Things I Will Keep #21: THE MURMAIDS, “Popsicles and Icicles”

The Murmaids
“Popsicles and Icicles” b/w “Huntington Flats”
1963, Chattahoochee Records

Everyone talks shit about vanilla, but it’s my favorite flavor.

The word itself is often used as a synonym for boring or bland. You can lead a vanilla lifestyle with vanilla interests and have vanilla sex–and no one who describes it that way means it as a compliment.

Vanilla is also typically white, like a politician’s shirt or the plain walls of an unfurnished living room or Pat Sajak–and that’s supposed to be bad, too, I guess.

You hear these slanders about vanilla all of the time, but you won’t hear ’em from me because I LOVE IT. I’m crazy about it. Vanilla is refreshing and cozy. I’m even nuts about the scent of it. Furthermore, vanilla, like me, may look very white, but it has Mexican roots (all real vanilla is derived from an edible orchid plant indigenous to Mexico; the Aztecs of old were way into it).

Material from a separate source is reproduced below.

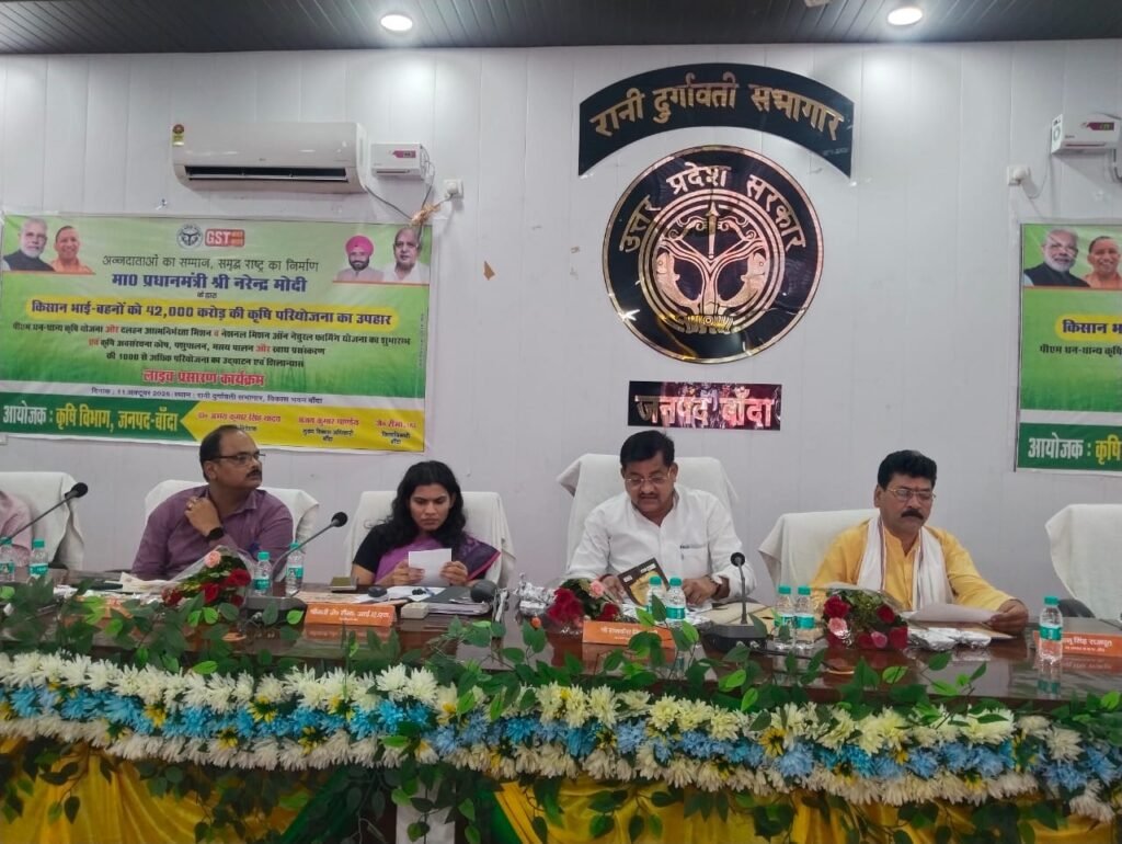 शनिवार को रानी दुर्गावती सभागार, विकास भवन बाँदा में आयोजित GST उत्सव में प्रधानमंत्री नरेन्द्र मोदी ने देशभर के किसान भाई-बहनों को बड़ा उपहार दिया। जिलाधिकारी जे० रीभा ने कहा कि अन्नदाताओं का सम्मान और समृद्ध राष्ट्र का निर्माण हमारी प्राथमिकता है। उन्होंने बताया कि प्रधानमंत्री के निर्देशानुसार जिले के किसानों को 42,000 करोड़ रुपये की कृषि परियोजनाओं का लाभ मिलेगा। इस कार्यक्रम के अंतर्गत पीएम धन-धान्य कृषि योजना, दलहन आत्मनिर्भरता मिशन और नेशनल मिशन ऑन नेचुरल फार्मिंग योजना की शुरुआत की गई।

In that sense, I am vanilla. I identify.

It explains everything. THAT’S why I love a nice, thick vanilla milkshake. I’m not a ridiculous sugar addict, no; I’m simply in touch with my heritage.

Yeah, that’s it.

Also, a scoop of simple vanilla ice cream makes me sing and dance down the street. Give me a vanilla cupcake and you may as well be giving me a winning lottery ticket. I don’t drink soda anymore, but when I did, Vanilla Coke was my poison. I even love classic cheap old Nilla Wafer cookies all by themselves, no banana pudding necessary. Rip open the box, pour ’em right down my throat.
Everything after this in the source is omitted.